Top 100 SQL Interview Questions
Basic SQL Questions
What is SQL?
- SQL stands for Structured Query Language, and it is used for managing and manipulating relational databases.
Explain the SELECT statement.
- The SELECT statement is used to retrieve data from a database. It can be used to retrieve specific columns or all columns from a table.
What is the difference between SQL and MySQL?
- SQL is a language used for managing and querying databases, while MySQL is a relational database management system (RDBMS) that uses SQL.
Explain the WHERE clause in SQL.
- The WHERE clause is used to filter records based on a specified condition.
What is a primary key?
- A primary key is a unique identifier for each record in a table. It must contain unique values and cannot be null.
Intermediate SQL Questions
Explain the JOIN clause in SQL.
- JOIN is used to combine rows from two or more tables based on a related column between them.
What is a foreign key?
- A foreign key is a field that refers to the primary key in another table. It establishes a link between two tables.
What is normalization?
- Normalization is the process of organizing data in a database to reduce redundancy and improve data integrity.
Explain GROUP BY and HAVING clauses.
- GROUP BY is used to group rows based on the values of one or more columns. HAVING is used to filter results after grouping.
What is an index?
- An index is a data structure that improves the speed of data retrieval operations on a database table.
Explain the difference between INNER JOIN and LEFT JOIN.
- INNER JOIN returns only matching rows from both tables, while LEFT JOIN returns all rows from the left table and the matching rows from the right table.
What is a subquery?
- A subquery is a query nested inside another query. It can be used to retrieve data that will be used by the main query.
Explain the difference between UNION and UNION ALL.
- UNION combines the result sets of two SELECT statements and removes duplicates, while UNION ALL includes all rows, including duplicates.
What is a stored procedure?
- A stored procedure is a set of SQL statements that can be stored in the database and executed later as a single unit.
Explain the concept of ACID properties in a database.
- ACID stands for Atomicity, Consistency, Isolation, and Durability, which are properties that guarantee database transactions are processed reliably.
Advanced SQL Questions
What is a trigger?
- A trigger is a set of instructions that are automatically executed or fired when a certain event occurs in the database.
Explain the concept of a view.
- A view is a virtual table based on the result of a SELECT statement. It does not store the data itself but provides a way to represent it.
What is the difference between DELETE and TRUNCATE?
- DELETE is used to delete specific rows from a table based on a condition, while TRUNCATE is used to remove all rows from a table.
Explain the concept of a cursor in SQL.
- A cursor is a database object used to process a result set one row at a time.

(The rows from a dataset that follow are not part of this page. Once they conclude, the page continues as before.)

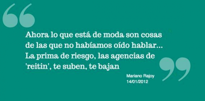En enero de 2012, durante su intervención en la Convención Autonómica del PP, y un día después de que la agencia de calificación S&P rebajara la nota de España y de otros países europeos, el presidente del Gobierno daba su particular punto de vista sobre la situación económica del país. Aquí ya se veía venir su apego por la prima de riesgo, a la que prácticamente mentaría en todos los discursos venideros con cariz económico.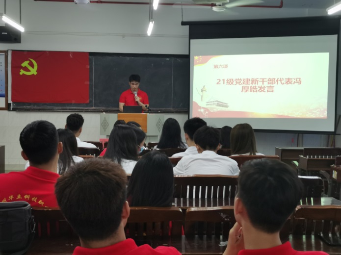 由新一届党建干部代表冯厚皓发言,他表达了自己对建设更好党建小组的决心,在接下来的工作中会牢记师兄师姐的教诲,不断提高自己的能力,带领党建小组不断前行,不负领导老师以及同学们的信任。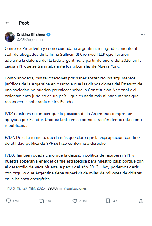 En forma concisa, la ex Presidenta CFK explicó la importancia del fallo. Luego de felicitar al estudio de abogados de Nueva York que sostuvo los argumentos jurídicos de la Argentina: que el Estatuto de una sociedad no puede prevalecer sobre la Constitución Nacional y el ordenamiento jurídico de un país… "que es nada más ni nada menos que reconocer la soberanía de los Estados". Recordó que siempre contó con el apoyo de Estados Unidos, tanto de los demócratas cuanto de los republicanos. Esa expropiación de YPF conforme a derecho fue una decisión política estratégica, ya que con el desarrollo de Vaca Muerta, a partir del año 2012,"la Argentina tiene superávit de miles de millones de dólares en la balanza energética".

What is the purpose of the COMMIT and ROLLBACK statements?
- COMMIT is used to save changes made during the current transaction, while ROLLBACK is used to undo changes made during the current transaction.
Explain the concept of a deadlock.
- A deadlock occurs when two or more transactions are blocked indefinitely, each waiting for the other to release a lock.
What is the difference between a clustered and non-clustered index?
- A clustered index determines the physical order of data rows in a table, while a non-clustered index does not.
Explain the concept of normalization forms.
- Normalization forms are rules that define how to organize data in a relational database to reduce redundancy and improve data integrity.
What is the purpose of the CASE statement in SQL?
- The CASE statement is used to perform conditional logic within a SQL query, similar to an IF-THEN-ELSE statement.
Explain the concept of a materialized view.
- A materialized view is a database object that contains the results of a query and is stored as a physical table.
Write a SQL query to find the second highest salary from an Employee table.
SELECT MAX(salary) FROM Employee WHERE salary < (SELECT MAX(salary) FROM Employee);
Write a SQL query to count the number of rows in a table.
SELECT COUNT(*) FROM TableName;
Write a SQL query to find duplicate records in a table.
SELECT column1, column2, COUNT(*) FROM TableName GROUP BY column1, column2 HAVING COUNT(*) > 1;
Write a SQL query to retrieve the top N records from a table.
SELECT * FROM TableName LIMIT N;
Find the second-highest salary from an “employees” table.
SELECT MAX(salary) FROM employees WHERE salary < (SELECT MAX(salary) FROM employees);
- Explanation: This query uses a subquery to find the highest salary and then retrieves the next highest salary by filtering salaries less than the maximum.
Calculate the running total of sales for each month in a “sales” table.
SELECT sale_date, amount, SUM(amount) OVER (ORDER BY sale_date) AS running_total FROM sales;
- Explanation: The query uses the window function
SUM() OVER
to calculate the running total of sales, ordered by the sale date.
Retrieve the top 3 most sold products from a “products” table.
SELECT product_id, product_name, sold_units FROM ( SELECT product_id, product_name, SUM(units_sold) AS sold_units FROM sales JOIN products ON sales.product_id = products.product_id GROUP BY product_id, product_name ORDER BY sold_units DESC LIMIT 3 ) AS top_products;
- Explanation: This query joins the “sales” and “products” tables, calculates the total sold units for each product, orders them in descending order, and selects the top 3.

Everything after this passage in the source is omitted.